Liam Mullan doesn't like studio audience comedy. He explains why over on Chortle
here. He is, of course, perfectly entitled to his opinion - which is, I would argue, based on preference, not argument. I don't propose to take issue with everything he says, but one sentence strikes me as interesting and revealing. He says:
I previously wrote a piece for Chortle that after Seinfeld the three-wall/three-camera sitcom had been essentially perfected as an art form, at least in the American tradition...There is no doubt that comedy is an art, and that situation comedy is an art
form - albeit a bizarrely contrived one, but then it's not much more artificial than the theatre or an exhibition of sculpture. The contrivance is part of it. We all know that life isn't like that, and that most of us live in more realistic homes. But what interested me the most is that Mr Mullan seems to think that once someone's cracked it we all applaud, give up, go home and try something else. I'm relieved that painters didn't hang up their palette's when Van Gogh cranked out his set of
Sunflowers. It's good that playwrights didn't stop scribbling once they'd seen
Hamlet - and I'm glad that Shakespeare kept bashing on too, even though Timon of Athens isn't wonderful and King Lear has a very dodgy ending.
Comedy is an art - but no art is definitive, surely? Some is iconic, certainly. I agree that
Seinfeld is almost perfect, and I cherish my boxed sets. But that encourages me to keep going with audience sitcom, not give up. When I flick on the TV first thing, and
Frasier is on Channel 4, part of me has a pang of 'I'll never do anything that good' but the other part of me says 'Have you really tried?' Now I know Mr Mullan is not saying that there is no point in trying in so many words. He says:
That does not mean I believe it has been mastered in the UK or that it’s a genre no longer capable of offering high-quality entertainment.

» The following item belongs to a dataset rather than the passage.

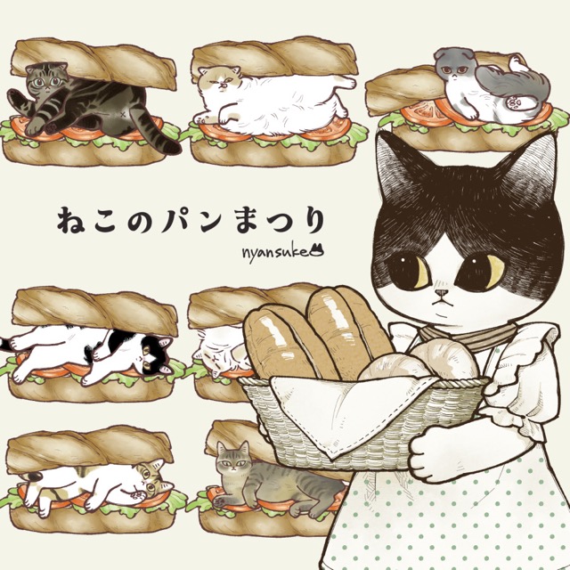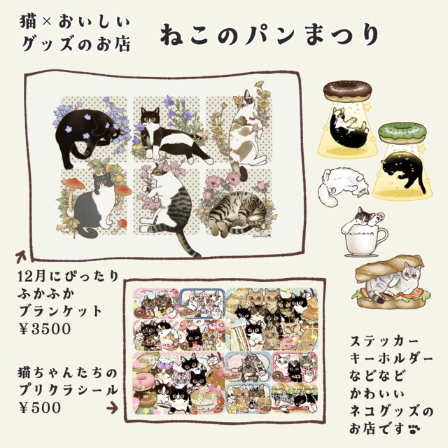 - ハチワレ猫のハチワレちゃんはお友達の猫ちゃんをパンに挟んだりラテにしたり、でもみんにゃ楽しそう!そんな猫ちゃんたちが可愛いグッズになったよ、ぜひ見に来てにゃ

But Mr Mullan seems to suggest the quest for the next studio sitcom hit will be a fruitless one (and the title of the piece, probably added by someone else, would suggest this genre has died anyway). And yet, the viewers at home are rather hoping that people like me - if not actually me specifically - will keep trying because audiences like studio sitcom. It's something that young comedians, some commissioners and a number of producers and critics find hard to accept. They like a highly condensed comedy format in which characters try and fail in an amusing way but things draw neatly to a conclusion after about 28 minutes. In fact, they like
Everybody Loves Raymond (210 episodes) more than Arrested Development (53 Episodes) - which hardly seems fair, since
Raymond is a fine family comedy show but
Arrested Development is almost divinely inspired.
The reality is that millions of people like to watch funny people doing funny things in funny looking rooms whilst hearing a studio audience laughing like drains. And they get very cross when it's done badly because they care.
Mr Mullan dislikes this genre, as is his right, just as I dislike opera. We both wished this weren't so. Opera seems to be a wonderful thing if you're really into - people singing for hours with a vast live orchestra in massive costumes and ludicrous sets. Brilliant. What's not to like? But it just doesn't push my buttons. Shame. But to declare the genre died some years ago and that we didn't notice? Odd. Likewise,
Father Ted is not the end. It's a high-water mark certainly, and sometimes the tide gets close and one day a wave will come along and be even higher. If I haven't written it, then I at least hope to be alive to see it and we can all laugh together. (Too schmaltzy? Maybe. What the heck. I like audience comedy.)